MP Jakarta – Tak hanya sebagai entitas sosial, perempuan juga punya peran strategis sebagai benteng pertahanan dalam upaya pemberantasan korupsi. Hal ini disampaikan Wakil Ketua KPK, Ibnu Basuki Widodo, dalam pembekalan antikorupsi bertajuk “Peran Serta Puteri Indonesia dalam Upaya Pemberantasan Korupsi” kepada 45 finalis Puteri Indonesia 2026 di Gedung Pusat Edukasi Antikorupsi (ACLC) KPK, Jakarta, Kamis (9/4).
“Mengutip RA Kartini, perempuan adalah tiang negara. Apabila perempuan itu baik, maka baiklah negara. Apabila perempuan itu rusak, maka rusaklah negara. Dengan demikian, dapat dikatakan bahwa tugas perempuan sangat besar, karena kualitas sebuah bangsa sangat bergantung pada kualitas perempuannya,” ujar Ibnu.
Ia menegaskan, perempuan harus menempati posisi sentral dalam menjaga integritas, baik di lingkungan keluarga maupun masyarakat. Peran ini dinilai krusial, mengingat perempuan tidak hanya berpotensi menjadi agen pencegah korupsi, tetapi juga memiliki kerentanan untuk terlibat dalam praktik korupsi apabila nilai-nilai integritas tidak tertanam kuat sejak dini.
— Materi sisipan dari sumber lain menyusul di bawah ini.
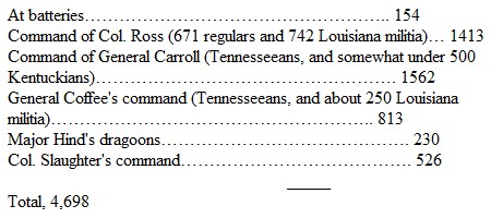 These figures tally almost exactly with those given by Major Latour, except that he omits all reference to Col. Slaughter's command, thus reducing the number to about 4,100. Nor can I anywhere find any allusion to Slaughter's command as taking part in the battle; and it is possible that these troops were the 500 Kentuckians ordered across the river by Jackson; in which case his whole force but slightly exceeded 5,000 men.
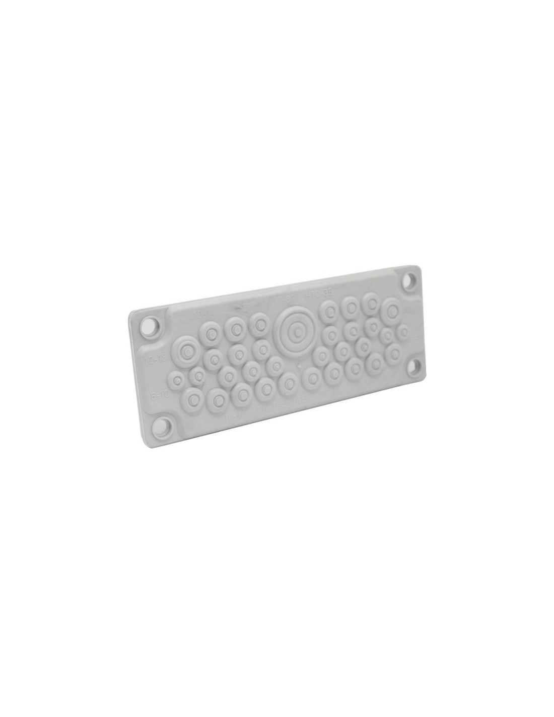 Przepust dławiący HTB-35 w kolorze szarym to specjalny przepust z tworzywa sztucznego z tłoczonym wzmocnieniem staowym i wstępnie przygotowanymi przepustami kablowymi o kompaktowej konstrukcji. Przeznaczony do przewodów o średnicy od 6 mm2 do 32 mm2. Maksymalna ilość podłączonych kabli wynosi 35. Zakres temperatury pracy od -40 °C do +100°C. Przepust dławiący posiada stopień ochrony IP 65.
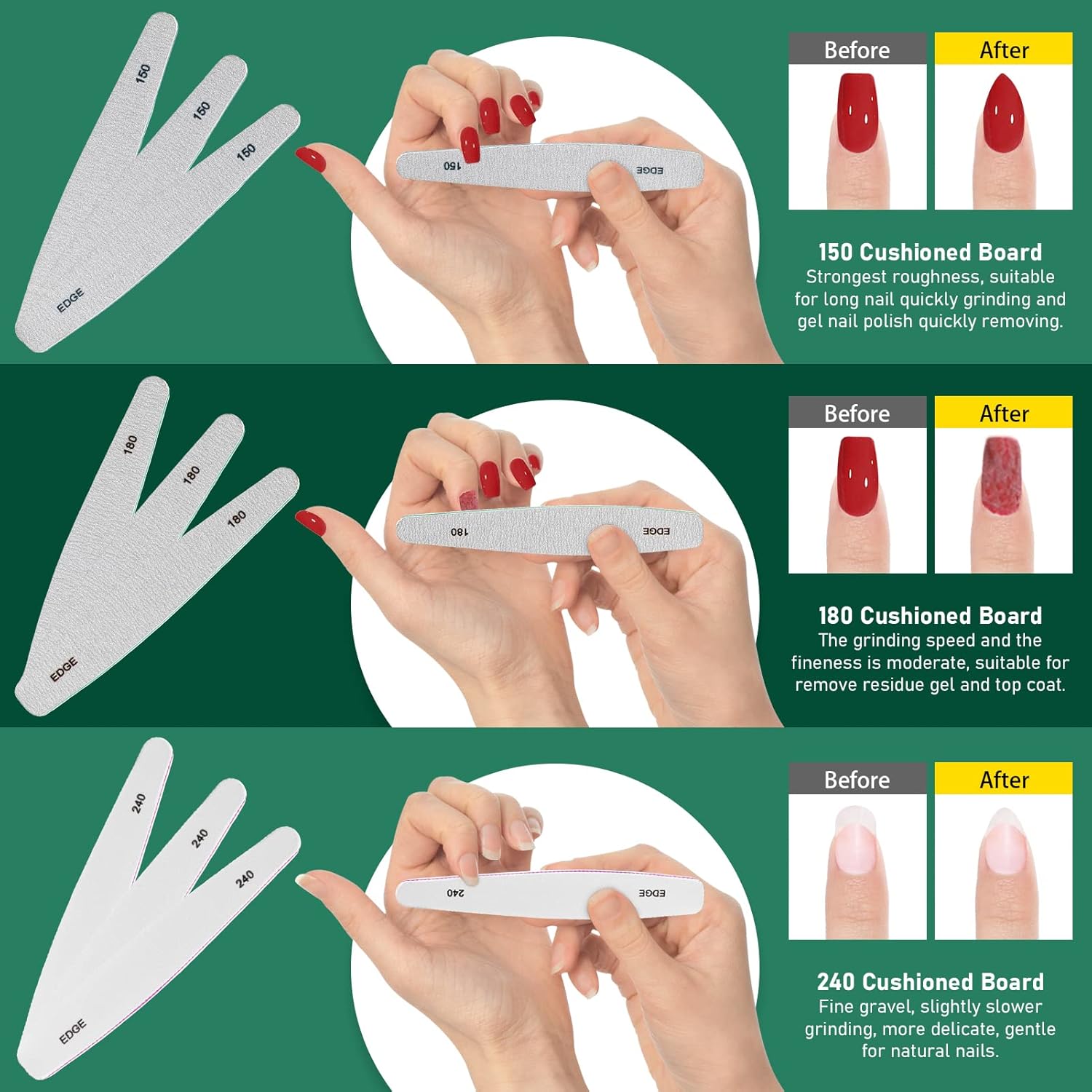 - High Quality Nail File Kit: The nail polish remover set contains 6 pcs nail files of different roughness, each nail file and nail buffer is marked with a corresponding number so you know exactly which file to use for shaping or polishing your nails. Both sides can be used, gentle on natural nails, high tough material is not easy to deformation. (EDGE: 150, 180, 240, FLEX: 100/180, 220/280, SHINER: 1000/4000)
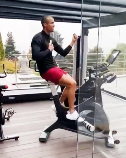 Mới đây, Ronaldo đã chia sẻ đoạn clip được bạn gái Georgina Rodriguez quay lại cảnh mình đang tập thể lực trên máy tại nhà ở Turin với cái đầu… nhẵn nhụi.
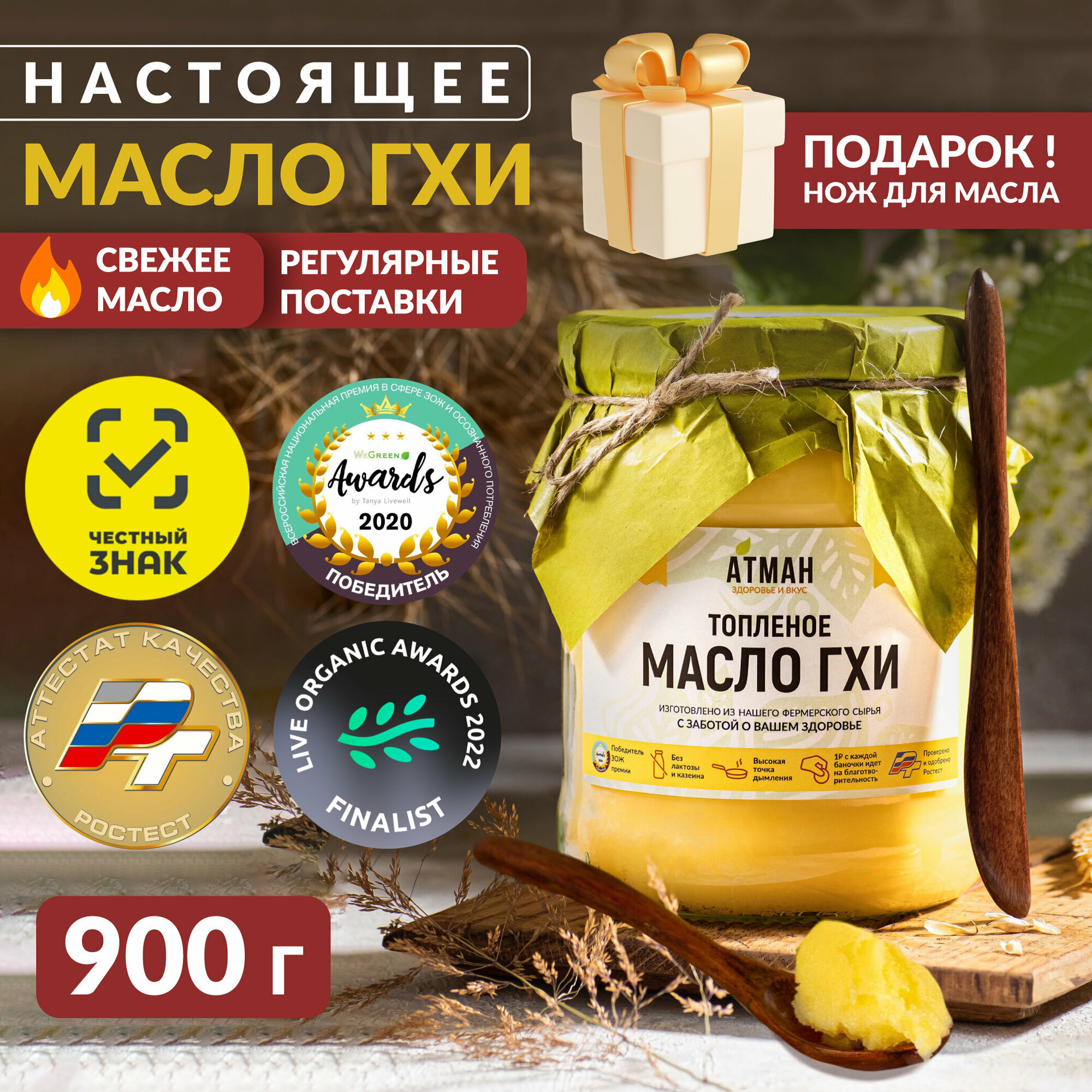 Отзывы на Топленое масло АТМАН, натуральное, диетическое, без сахара, 99% жирности, стеклянная банка
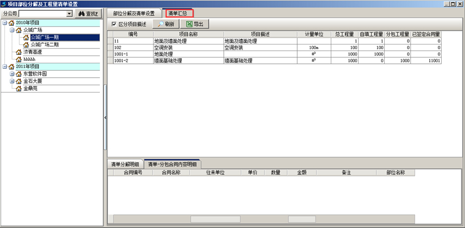 “分包工程量”:填報方式為“分包驗收”的工程量。“已簽訂合同量”:填報方式為“分包驗收單”的清單所建立的分包合同量。
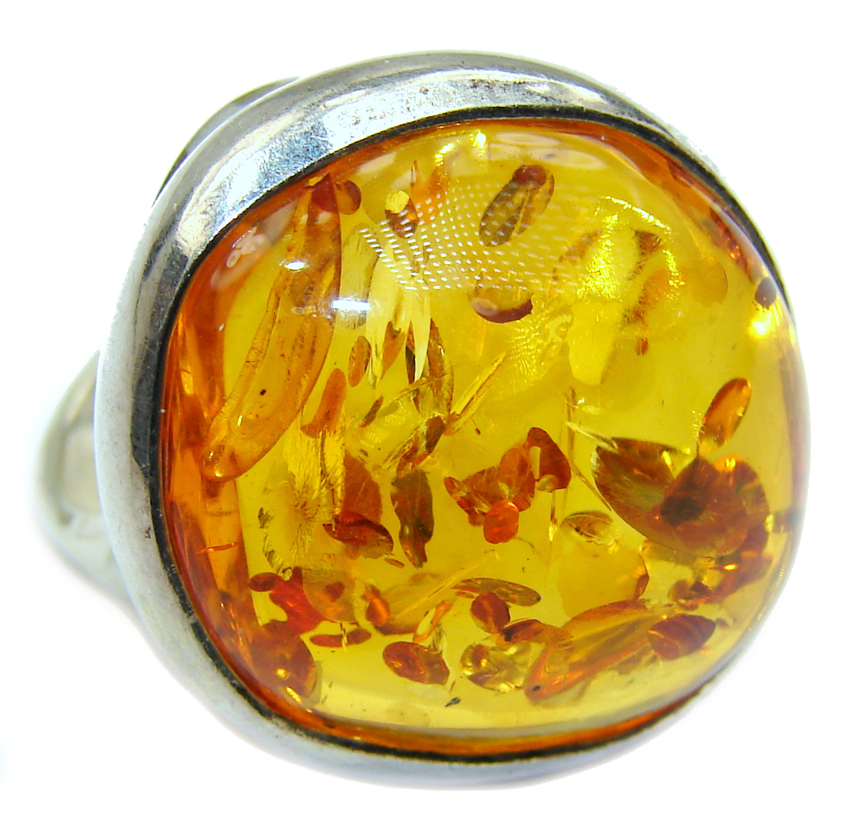Authentic Baltic Amber .925 Sterling Silver handcrafted ring; s 8 adjustable
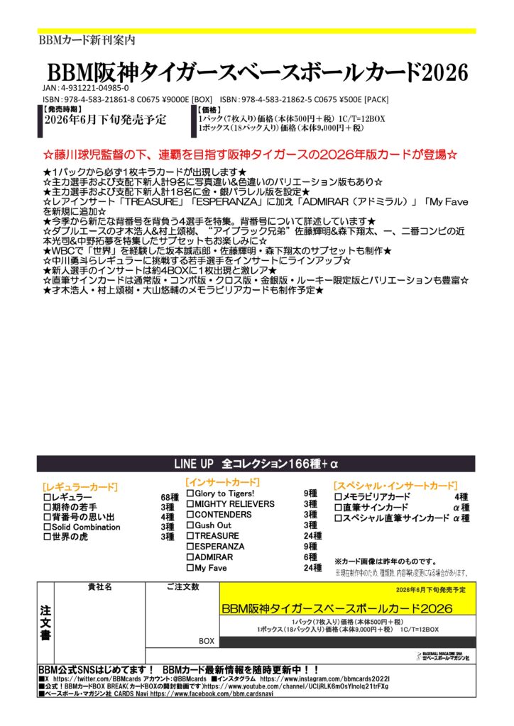 ☆藤川球児監督の下、連覇を目指す阪神タイガースの2026年版カードが登場☆
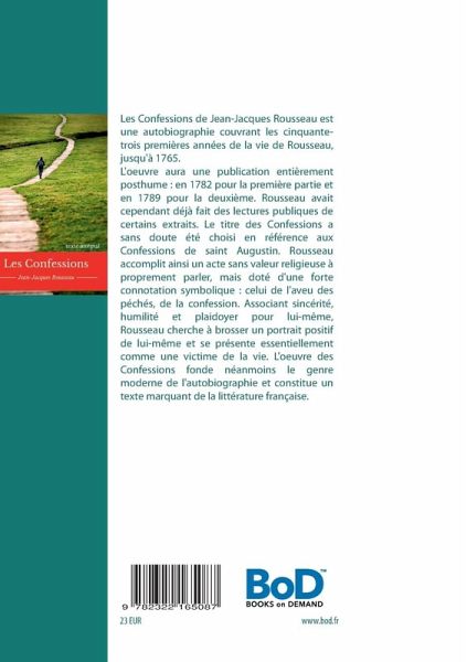 L'oeuvre aura une publication entièrement posthume : en 1782 pour la première partie et en 1789 pour la deuxième. Rousseau avait cependant déjà fait des lectures publiques de certains extraits. Le titre des Confessions a sans doute été choisi en référence aux Confessions de saint Augustin. Rousseau accomplit ainsi un acte sans valeur religieuse à proprement parler, mais doté d'une forte connotation symbolique : celui de l'aveu des péchés, de la confession. Associant sincérité, humilité et plaidoyer pour lui-même, Rousseau cherche à brosser un portrait positif de lui-même et se présente essentiellement comme une victime de la vie. L'oeuvre des Confessions fonde néanmoins le genre moderne de l'autobiographie et constitue un texte marquant de la littérature française.
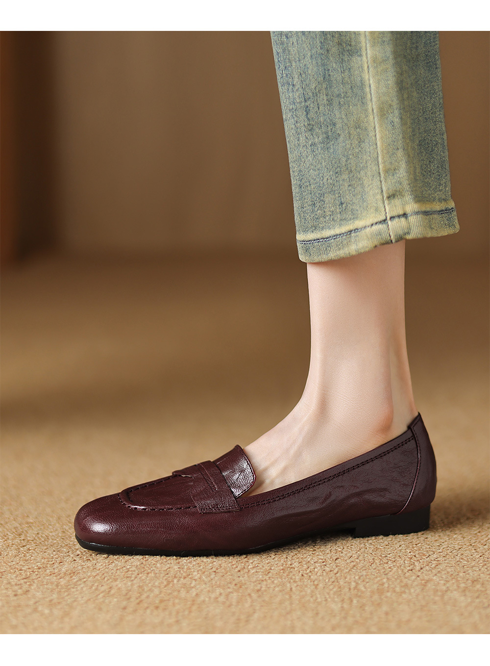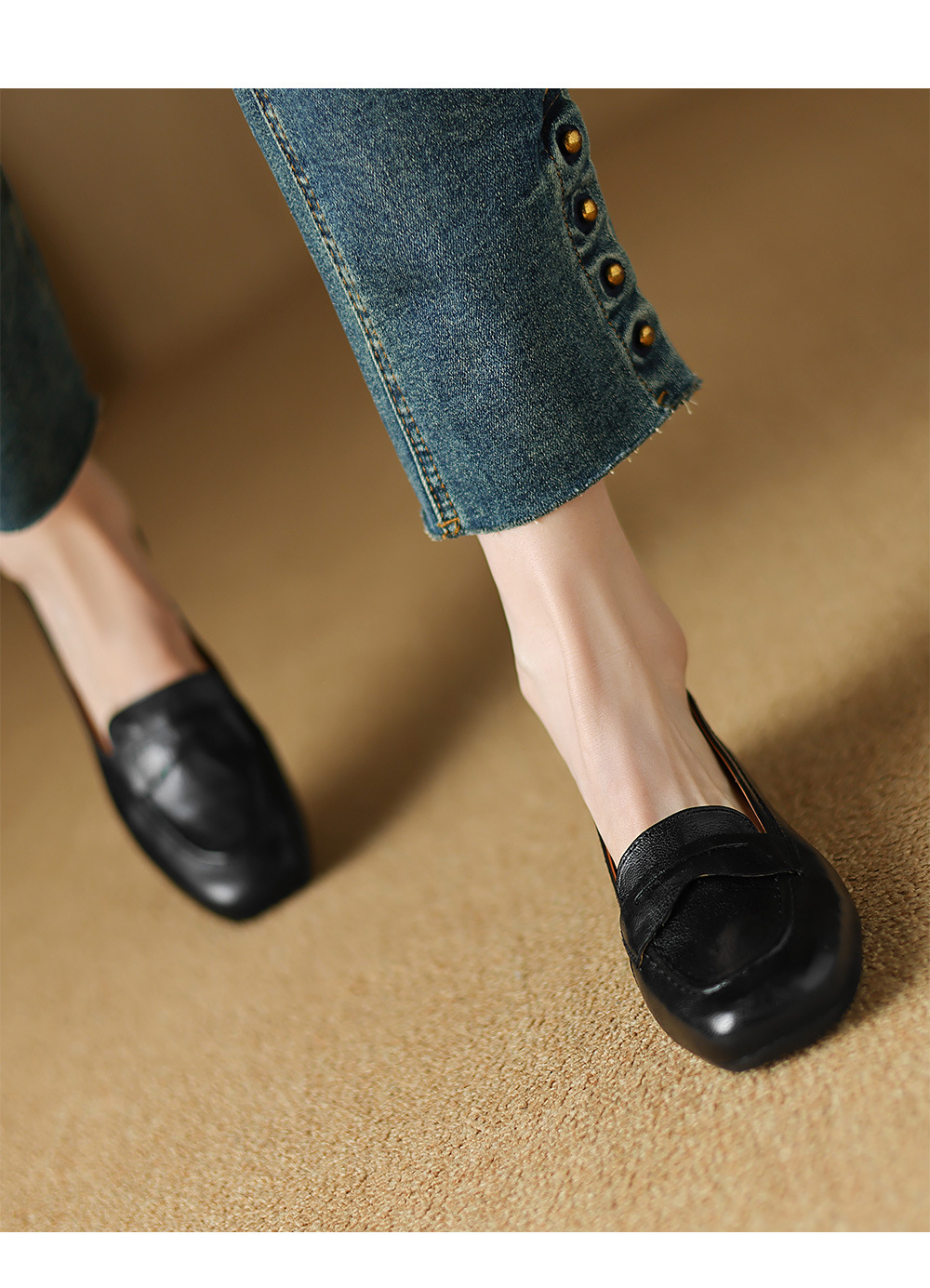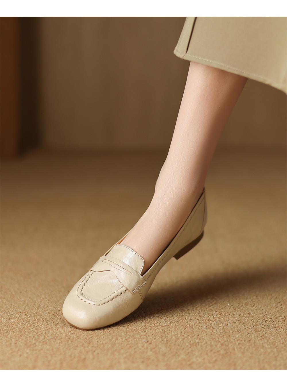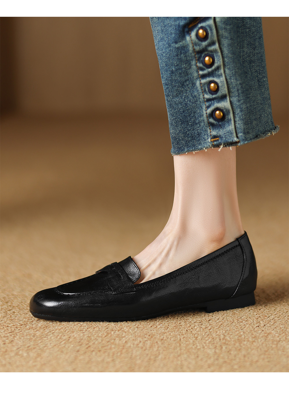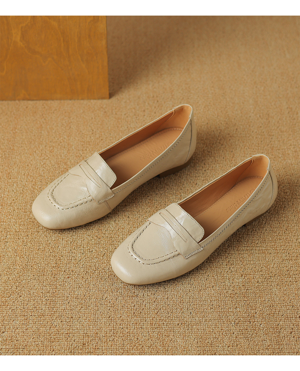 정품 가죽 플랫 로퍼 여성 2025 새로운 봄 여성 신발 낮은 입 낮은 발뒤꿈치 양가죽 봄 여성 싱글 레이어 신발스토어 가기
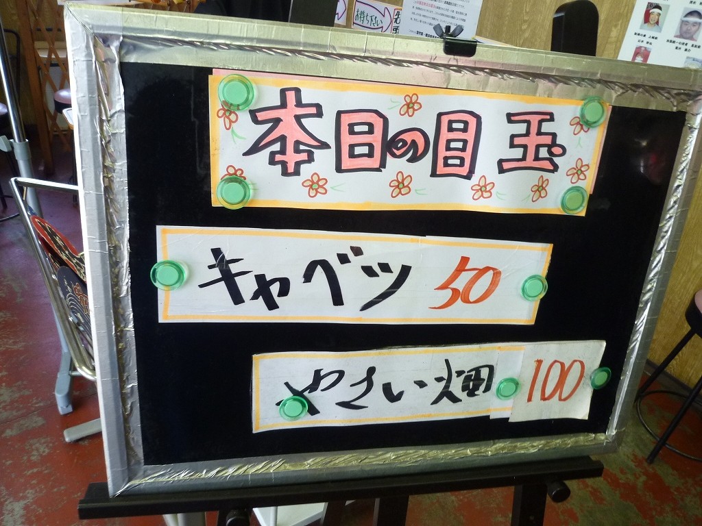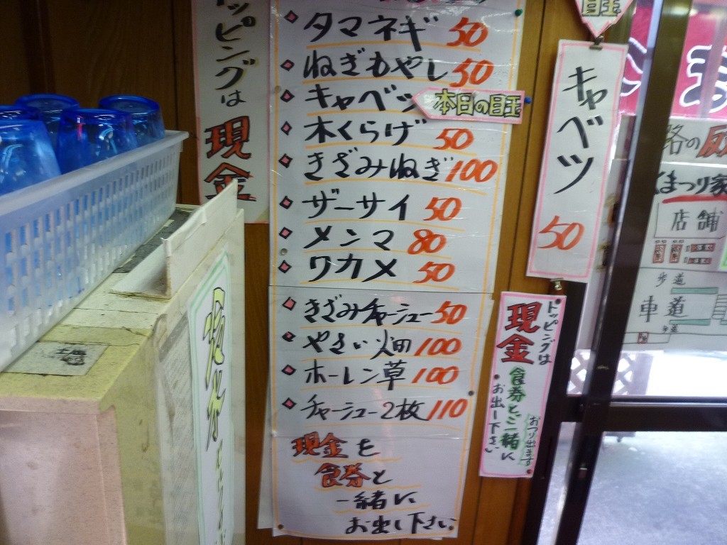 給水器横に貼られる現金野菜トッピング。食券と一緒に現金を置くことで何にするか訊いてくれます。本日の目玉、として日替わりサービストッピングも用意されてたり、ライスの食券購入で日替わり賄い小丼に変更することも可能です。
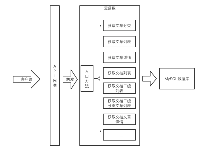 整体功能就是云函数 SCF 绑定 API 网关触发器,用户访问 API 网关指定的地址,触发云函数,然后函数在入口处进行功能拆分,请求不同的方法获得对应的数据。
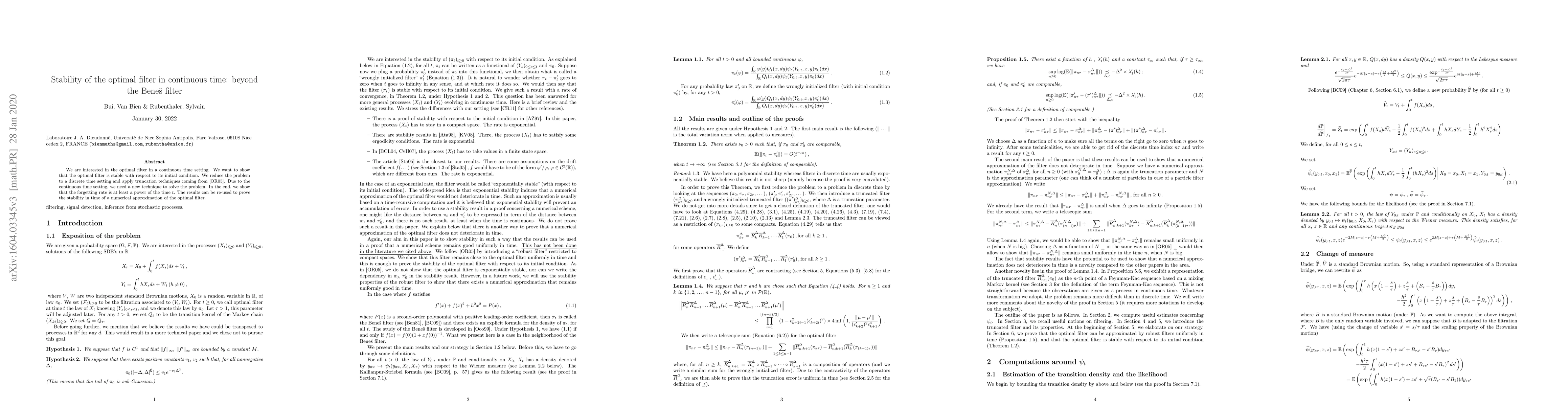 This paper investigates the stability of the optimal filter in continuous time, demonstrating its stability concerning initial conditions. By transitioning to a discrete time framework and employing truncation techniques, the authors develop a novel method to address the continuous time setting, proving that the forgetting rate scales as a power of time.

Data KPK menunjukkan, sejak tahun 2004 hingga tahun 2025, terdapat 1.951 pelaku tindak pidana korupsi yang sudah ditangani, terdiri dari 1.742 laki-laki dan 162 perempuan. Ironisnya, dari data tersebut KPK mencatat koruptor termuda adalah perempuan berusia 24 tahun.
“Data ini menjadi pengingat bahwa korupsi tidak mengenal gender maupun usia. Siapa pun bisa terjerumus jika tidak memiliki integritas yang kuat,” jelasnya.
Ibnu juga mengingatkan, saat ini pola korupsi kian kompleks, termasuk melibatkan lingkaran keluarga (suami-istri, orang tua-anak, hingga teman dekat). Oleh karena itu, perempuan, khususnya para finalis Puteri Indonesia 2026, diharapkan mampu menjadi garda terdepan dalam memutus rantai praktik korupsi.
“Kita harus bersama-sama mengamalkan nilai-nilai antikorupsi, salah satunya sikap sederhana. Hidup apa adanya, tidak besar pasak daripada tiang,” pesan Ibnu.
Integritas Jadi Basis Penilaian
Direktur PT Mustika Ratu Tbk sekaligus Ketua Pemilihan Puteri Indonesia 2026, Kusuma Ida Anjani, menyampaikan bahwa kerja sama dengan KPK telah berlangsung selama lebih dari satu dekade sebagai bagian dari pembentukan karakter peserta.
“Para finalis diharapkan mampu membawa pesan ini ke daerah asal masing-masing. Bahkan, pemenang Puteri Indonesia sebelumnya merupakan peserta yang menunjukkan integritas kuat saat pembekalan di KPK,” ujar Kusuma.
Lebih lanjut, KPK bersama Yayasan Puteri Indonesia dan PT Mustika Ratu Tbk mendorong para finalis untuk menjadi agen antikorupsi di tengah masyarakat. Pembekalan ini juga menjadi agenda awal masa karantina, sekaligus menanamkan nilai integritas sebagai fondasi utama bagi para finalis yang berasal dari seluruh provinsi di Indonesia.
“Para finalis diharapkan mampu menginspirasi generasi muda untuk berani menolak praktik tidak jujur, menanamkan nilai integritas sejak dini, serta membangun kesadaran bahwa korupsi berdampak luas terhadap kehidupan masyarakat,” tutup Ibnu.
Hadir dalam kegiatan ini Deputi Bidang Pendidikan dan Peran Serta Masyarakat KPK, Wawan Wardiana; Plh Direktur Pembinaan Peran serta Masyarakat KPK, Johnson Ridwan Ginting; Ketua Bidang Komunikasi Yayasan Puteri Indonesia, Mega Angkasa; Puteri Indonesia 2025, Firsta Yufi Amarta; serta 45 finalis Puteri Indonesia 2026.